(Exercise goal)
Of all the lines in the entries below, give again exactly those starting at the line containing "権(22画)藤(19画) 友(4画)和(8画)" and ending at the line containing "Join my print", both ends included, and no others.

(Source information)
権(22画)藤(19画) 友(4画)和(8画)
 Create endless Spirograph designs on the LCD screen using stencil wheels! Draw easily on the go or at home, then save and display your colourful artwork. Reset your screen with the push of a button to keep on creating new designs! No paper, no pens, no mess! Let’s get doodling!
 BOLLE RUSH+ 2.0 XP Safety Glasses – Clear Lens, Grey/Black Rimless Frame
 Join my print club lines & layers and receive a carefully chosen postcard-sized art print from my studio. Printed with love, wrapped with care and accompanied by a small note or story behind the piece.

==

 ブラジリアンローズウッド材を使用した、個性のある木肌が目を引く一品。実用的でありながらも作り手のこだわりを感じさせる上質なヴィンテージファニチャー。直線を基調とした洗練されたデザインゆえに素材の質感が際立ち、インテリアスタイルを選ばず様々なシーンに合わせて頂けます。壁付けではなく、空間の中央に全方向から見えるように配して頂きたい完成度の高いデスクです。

(Worked solution)
権(22画)藤(19画) 友(4画)和(8画)
 Create endless Spirograph designs on the LCD screen using stencil wheels! Draw easily on the go or at home, then save and display your colourful artwork. Reset your screen with the push of a button to keep on creating new designs! No paper, no pens, no mess! Let’s get doodling!
 BOLLE RUSH+ 2.0 XP Safety Glasses – Clear Lens, Grey/Black Rimless Frame
 Join my print club lines & layers and receive a carefully chosen postcard-sized art print from my studio. Printed with love, wrapped with care and accompanied by a small note or story behind the piece.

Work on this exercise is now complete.